James Niehues – The Man Behind the MapsInspiration
‘My philosophy to ski maps is to convey at an initial glance the potential experience the skier may have on the slopes; to draw them into the scene to explore the possibilities; then clearly and accurately guide them through their first chosen route and on to their next. I believe that the most effective way to do this is through freehand drawing and hand-painted images.’ – James Niehues
There is a fine art to the map of a ski hill. In a basic two-dimensional image, an entire mountain is described – its trails, lifts, ridgelines, opportunities, and dangers. It gives directions, inspires outdoor play, and showcases the beauty of a snow-covered landscape. All over the world, skiers have enjoyed learning the layouts of their resort areas through hand-painted maps. Many of these maps might start to look pretty familiar – because they were all created by the same artist. Legendary painter James Niehues has spent a lifetime creating more than 200 maps of ski resorts, all of which appear in the new coffee table book, The Man Behind The Maps: Legendary Ski Artist James Niehues.
Although mapping technology has advanced in giant leaps in recent years, James says hand-painted ski maps are still the best way to display a resort area. ‘I believe they allow the human mind a wider range of expression, which makes for a better interpretation of the mountain’s experience.’

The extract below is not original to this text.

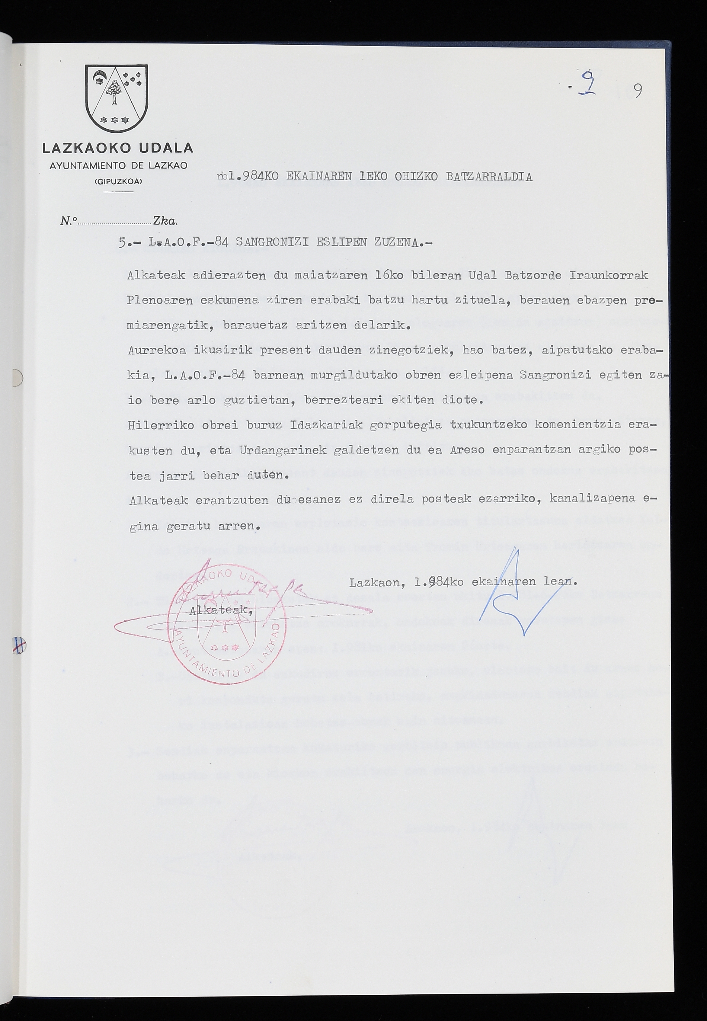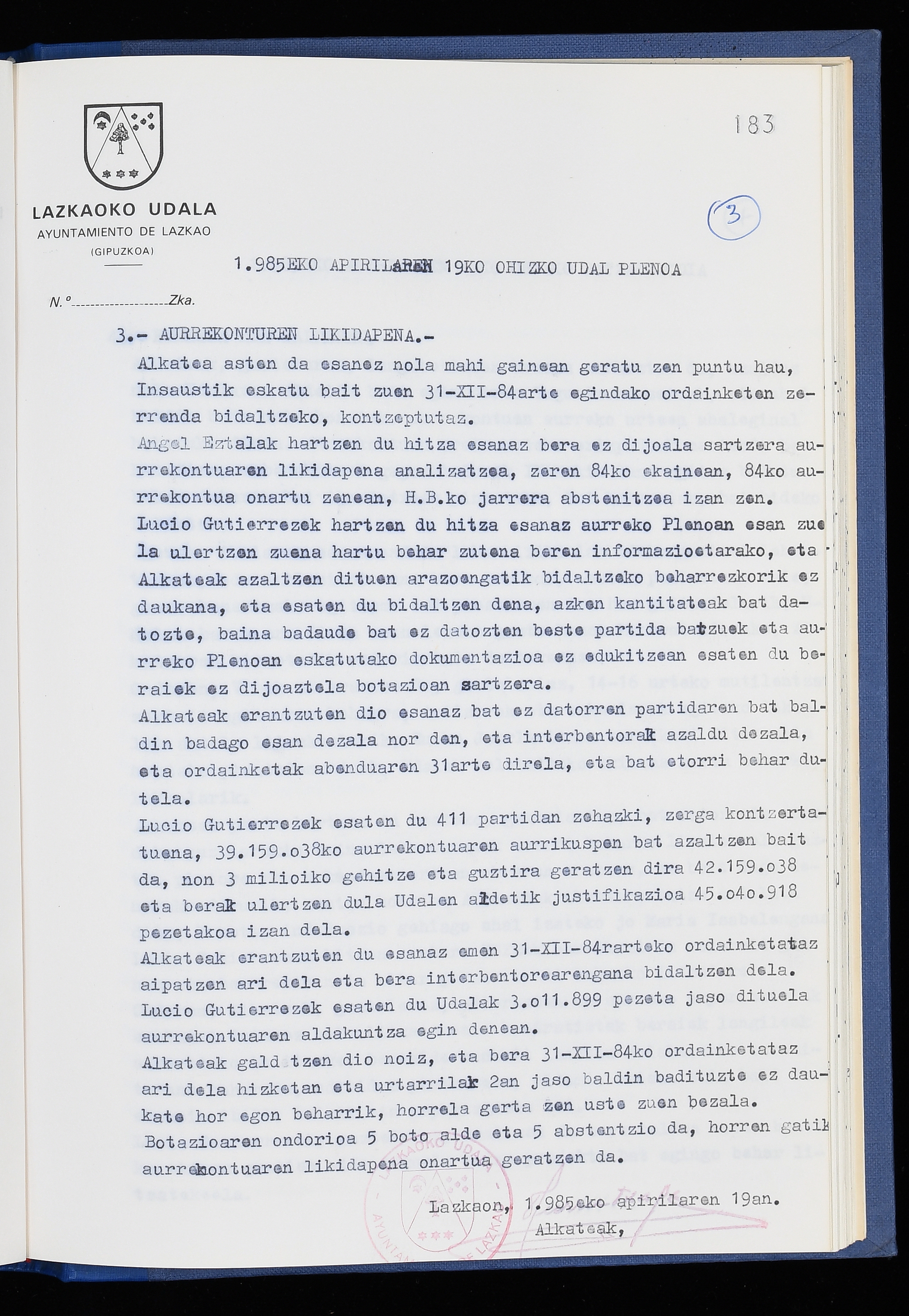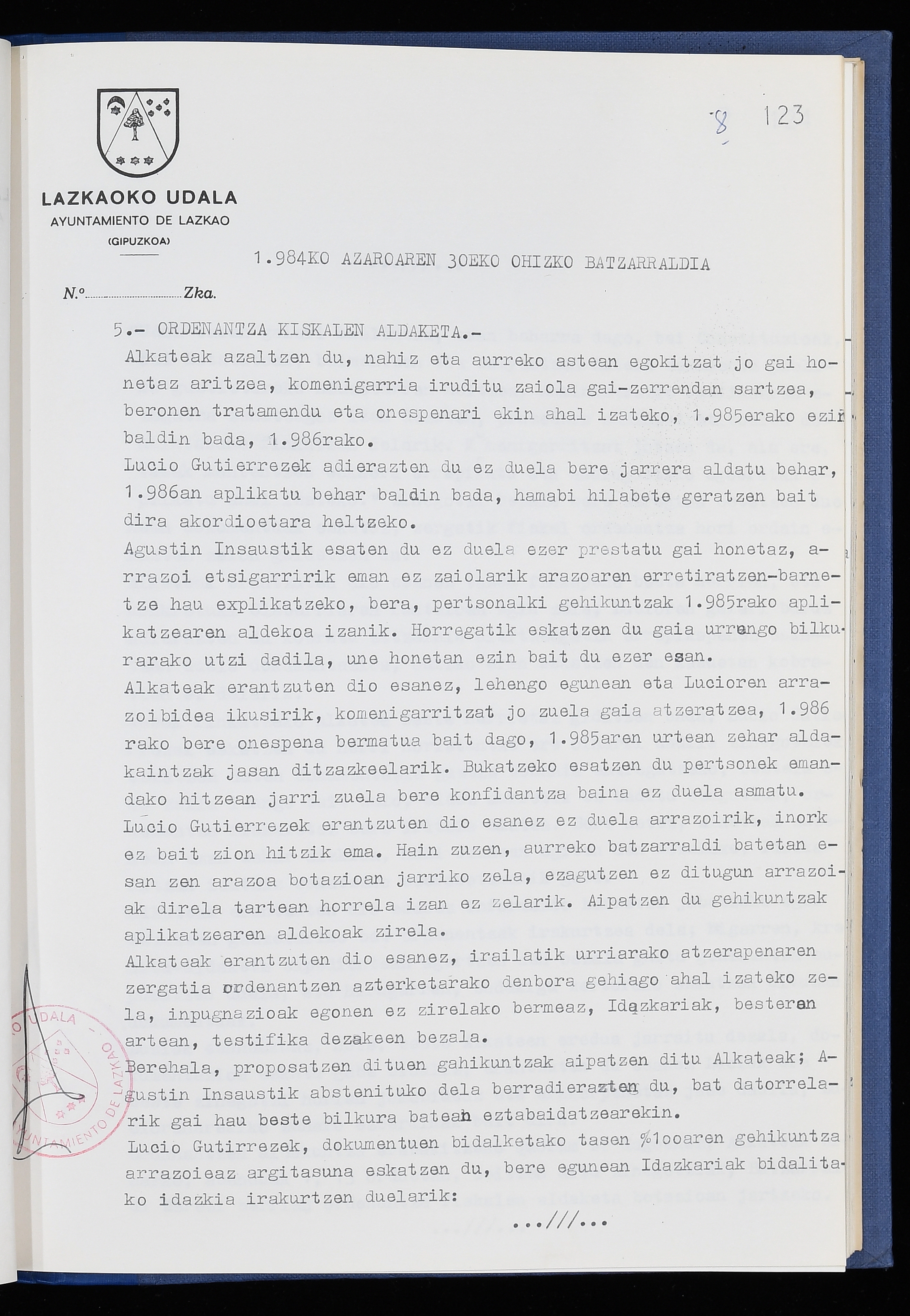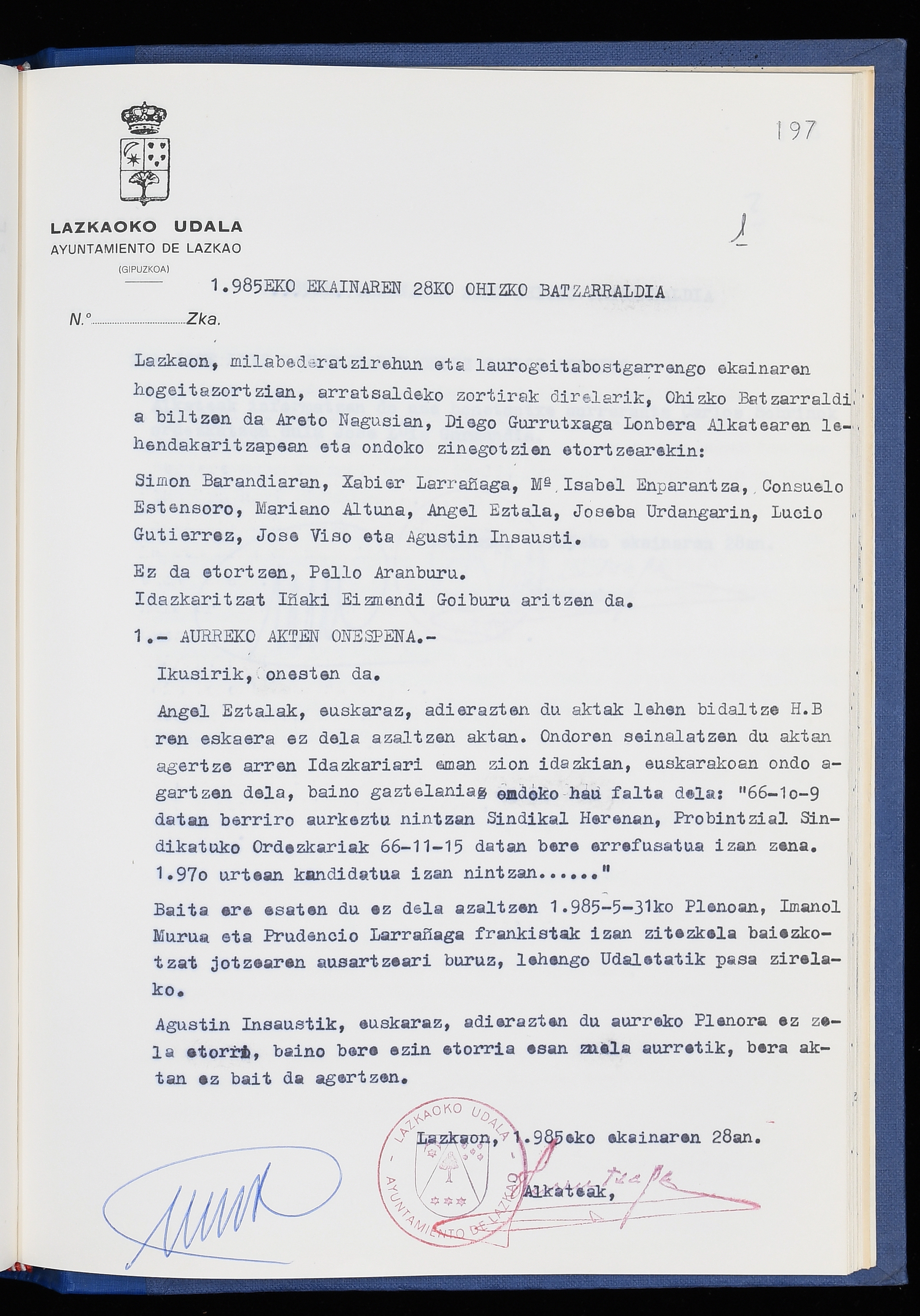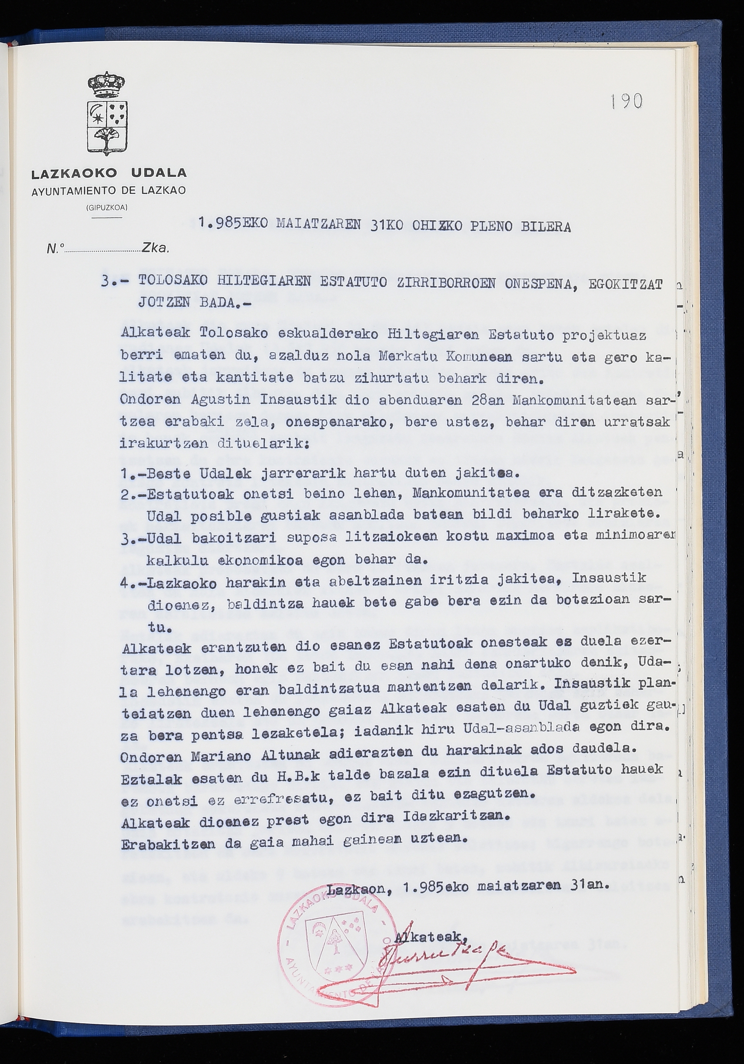 Log in to post commentsEdukiakSailkapenaFuntsaLazkaoko Udal ArtxiboaAtalakUdal AktakSailkapena1.1.4. Osoko Bilkuraren akta liburuakSailkapen berriaOsoko Bilkurako akta liburuakMultimediaIrudiakIdentifikazioaSignaturaakta liburua I-036Hasiera1984-06-01Amaiera1985-06-28AutoritateakTokiaLazkaoLog in to post commentsAkta eratu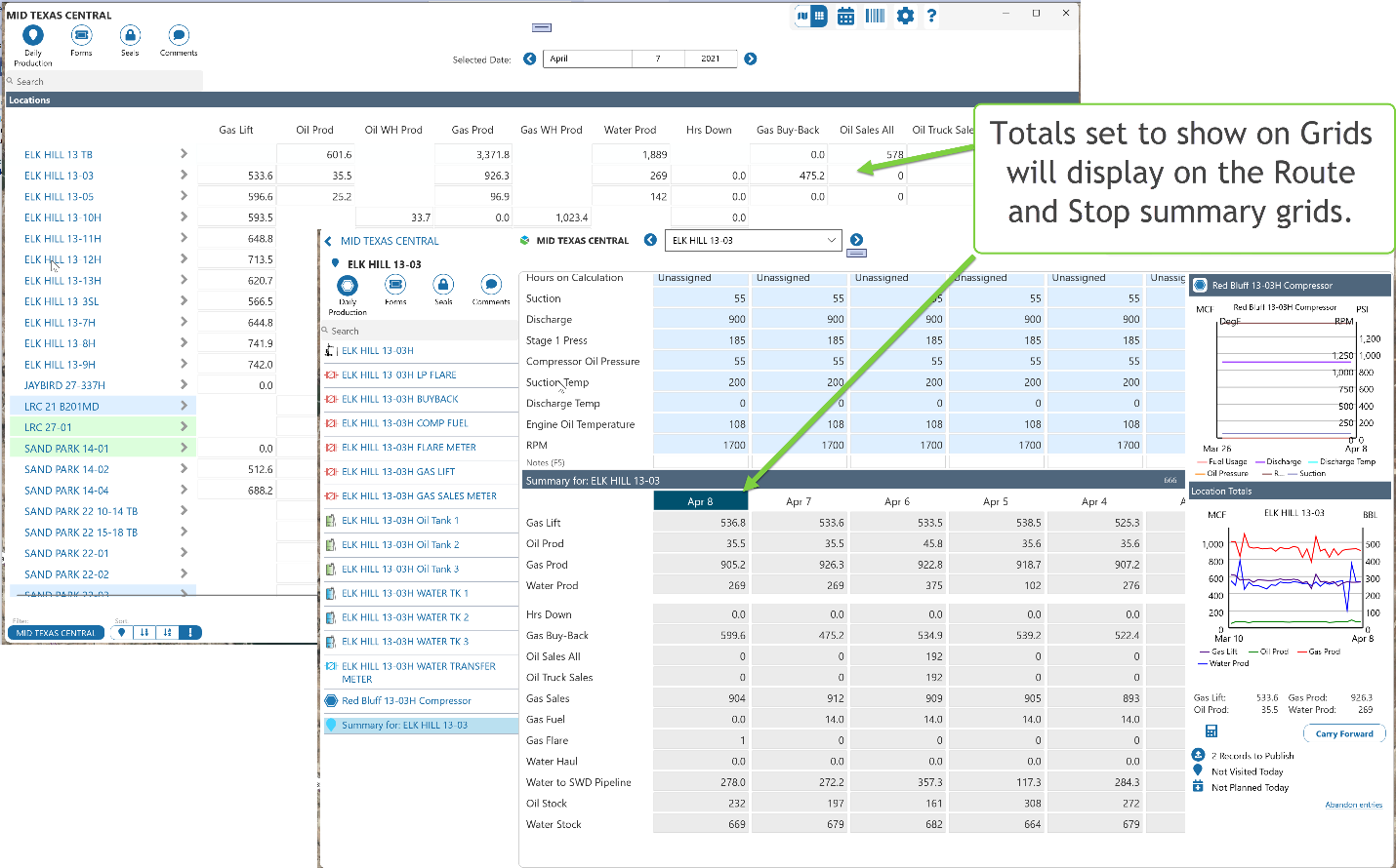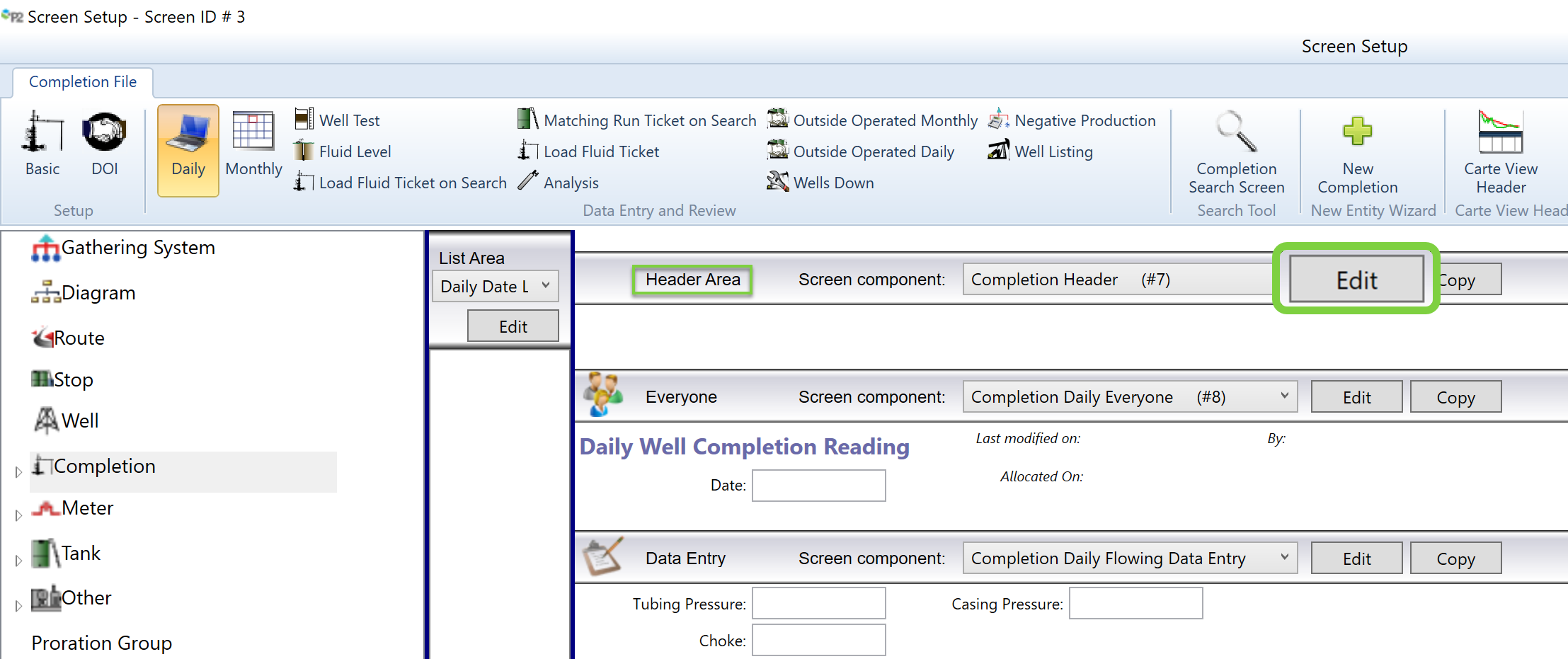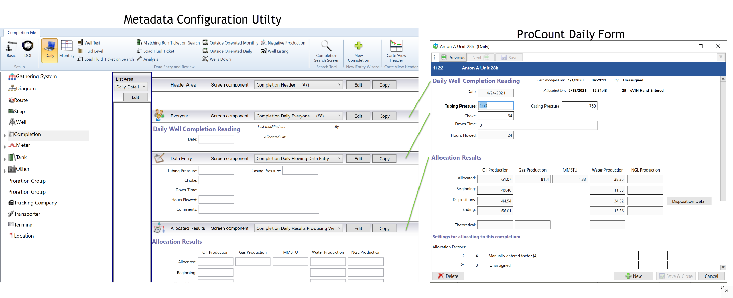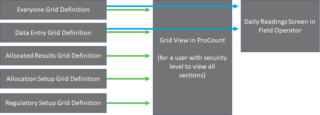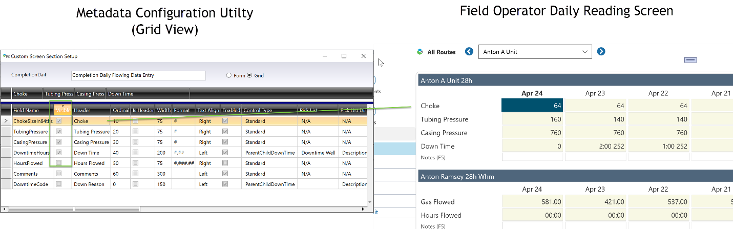 Additionally, the Daily Reading screens in Field Operator are driven by the Grid View of the screen configuration. The grid in ProCount / Carte and the Daily Reading screen in Field Operator are derived by combining the fields from grid configuration of each section of the screen.

‘Ski maps are images of the great outdoors. I feel the method of hand-painting allows a kind of freedom, from the designing of the trail system to the final rendering. When I sketch out a mountain with multiple sides I am not restricted to formulas or exact measurements. Instead, I use the imagination to manipulate features so I can connect the trail system and do it in a credible way, so the skier is aware of the trail ahead and can identify their location by referencing their surroundings on the map. In the final rendering, using a brush and airbrush allows for a wider range of texture and colour variation, to better express the natural beauty of the mountain and the experience of getting out on the slopes. A natural hand-painted image invites exploration, reflection, and planning. These ski maps are used like no other maps, not just to navigate the slopes but to represent the mountain’s range of difficulties and amenities. They are like fingerprints. Every single one is different, and offers different qualities.’
Despite the availability of mapping technologies, displaying the intricate trail system of a mountain resort remains a unique problem, which is why resorts continue to look to James to create maps that are both accurate and understandable. James’ influence on the sport saw him inducted recently into the US Ski and Snowboard Hall of Fame.
‘Jim has played such a huge role in the development of our sport and there are so many, like me, who have been deeply influenced by Jim and his art,’ said Chris Davenport, two-time World Champion professional skier. ‘His maps are important, even vital, for everyone whose heart and soul revolves around the sport of skiing.’
At the start of his career in painting ski resorts, James would typically visit the resort with his 35mm film camera, and with the aid of a helicopter or small plane would capture his own aerial images, which he would then develop locally before beginning the process of hand-sketching, and ultimately hand-painting, in watercolours. Nowadays this process is much easier, and the pre-existing photos are of higher quality, but he says he still prefers visiting the resorts in person, and capturing his own aerial images to work from.
‘By far the greatest challenge is getting all the slopes of a complex mountain into one flat representation of the real-life multi-faceted scene. It takes a lot of manipulation of the elements to connect all the trails and keep them relative to each other, to show all faces of the mountain at once. I always try to keep all runs running down-page, especially the steepest runs. All these different perspectives flow together to create the final composition, which will effectively navigate the skier to different parts of the mountain,’ says James, who spends about a week painting each mapwith intricate detail, including hand-painting the trees between the runs.
James’ passion for the sport that he has given so much of his career to runs throughout the book, and even back to its conception. Despite an offer of a publishing deal with a large, established publisher, James opted to take a chance on a ‘fan’ who had reached out with an offer of help, despite no publishing experience. After raising $500,000 with their Kickstarter campaign, James knew the book he had waited his whole life for would be exactly as he had dreamed it.
‘It has been extremely rewarding to realise what my illustrations have meant to skiers around the world. Most of them remember pinning the maps on their walls as kids. But I think I am most proud of the fact that I am an example of what is capable if you set your mind to something. I started this when I was already 40, and I was doing everything for the first time. My first trip on assignment was terrifying. It’s crazy to look back now and see how many maps I’ve painted in my career!’